Here, in this world, Jaemin does not know where to stand. Every step she takes the risk of quicksand seems to rise. Every time she tells herself _okay, this makes sense,_ things stop making sense.

What she knows is this: sometimes there does not seem to be enough space within her skeleton to contain all this love. Sometimes it rises like the sea and threatens to suffocate her.

Sometimes the stillness of it is the only refuge. Sometimes loving Renjun is what she knows, with certainty, the only thing she _knows with certainty._ Dramatic as it sounds, idiotic and childish as it sounds. It is a mountain that she has no wish to climb. One day maybe the other side will garner some appeal, but not today.

So she observes as Renjun’s eyelashes flutter, as Renjun twists in the sheets, annoyed at the sunlight, eyelids heavy with sleep. The vortex inside her sternum widens.

 

⛓⛓⛓

 

Jeno makes a pair of crutches for Jisung out of two bars of Inox and plastic bottles that he melts carefully under Renjun’s wide, curious eyes. She talks about it excitedly at dinner, _Auntie, that was so cool, a little bit like painting. Art._

Jaemin’s stomach twists uncomfortably and she doesn’t know why. She likes Jeno. She’s glad someone found a way to help Jisung walk, he’s been insufferable for the four days he’s been bedridden. Jaemin has visited twice and Mrs Park looked like she was about to tear out her own hair on both occasions.

Jisung slowly relearns how to use his left leg. Jaemin thinks she preferred it when he was trying to convince her he was tough; he milks his injury for all its worth. For every muscle exercise he succeeds in doing an entire series of she feeds him candy from the store Renjun marks down as expired in the inventory. It’s a terrible and unsustainable system, but it works.

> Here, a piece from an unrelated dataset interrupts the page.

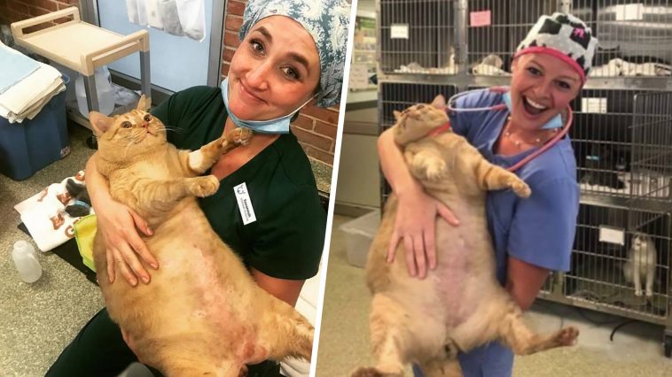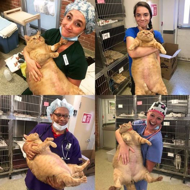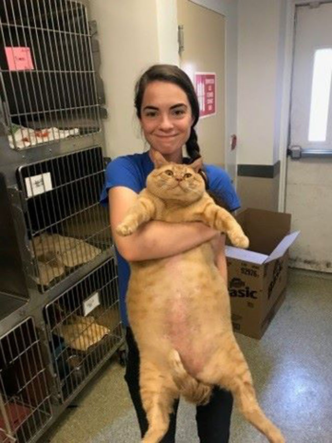 The orange tabby arrived last week after his owner moved to an assisted living facility that does not allow pets. Staff figured the man was exaggerating when he estimated his cat’s weight at 40 pounds – until they met the 6-year-old meatball!

It takes him two weeks to stop being in pain, and another full week to be able to walk without the crutches, although he’s still limping, sort of. In a month he’s almost fully healed, but Mark refuses to take him back. Jisung turns to Renjun for back up, and she stares at him longly before shaking her head in turn.

“Jaemin,” Jisung pleads.

Jaemin knows why Renjun said no. The people she sees in her makeshift clinic in their living room are either strangers or if they’re friends, it’s usually for minor issues. Scavenging is not without danger, but until Jisung’s fall all Renjun had had to deal with had been shallow cuts and bruises and on one notable occasion, a concussion.

Jisung could have died, when he went through the ceiling and landed two meters down. Jaemin thinks about that a lot.

She also thinks about Mr and Mrs Park, and how Mrs Park scrubs toilets three days a week at the central NCT building, and how since Mr Park hurt his back he’s only collecting his pension, one third of his salary.

“Switch Renjun out for him,” Jaemin says, looking Mark straight in the eye, avoiding her best friend’s gaze like all hell. “Put him on my team. I’ll keep him safe.”

“Renjun?” Mark asks, uncertain.

“If he comes back broken I will kill you,” Renjun says. “I know where you sleep.”

The joke is enough to diffuse the atmosphere. Gratefulness seeps through Jaemin’s bones. Renjun always has her back, even when she doesn’t expect her to.

 

She waits until it’s dark and the city has gone quiet to whisper, “I’m sorry.”

From the other bed, Renjun makes a sleepy, confused sound. “Huh?” The springs in the mattress whine as she moves around.

“For springing the team thing on you earlier,” Jaemin clarifies. It’s been bothering her, she can’t fall asleep.

“It’s fine,” Renjun yawns. “I get why you did it.” She pauses for a beat before adding, “It’s not like we have to do everything together all the time anyway, right?”

Something heavy settles in Jaemin’s guts, a stone sinking at the bottom of the river. They spend plenty of time apart. Renjun works day shifts at the corner store, and she disappears for hours to leave her mark on brick walls and grey facades. Jaemin has the boys, and the odd jobs she picks up here and there. They have a _routine,_ fixed moments where they meet, like—like family, which they _are,_ but also like—

 _You’re my person,_ Jaemin would say if she had the courage. _When I yearn for lonely roads they are always roads I want to walk with you._

And it is the same anxiety as always, in the end. _Am I not your person too?_

“No,” she says, staring at the ceiling in the dark. She squints so intensely she starts seeing purple and yellow shapes dancing behind her eyelids. “No, I guess not.”

 

⛓⛓⛓

 

She doesn’t like the distance it puts between them, their Dream shifts being separate affairs. She didn’t realize until she lost it, how the night unties tongues. Under the starlight it’s easier being true.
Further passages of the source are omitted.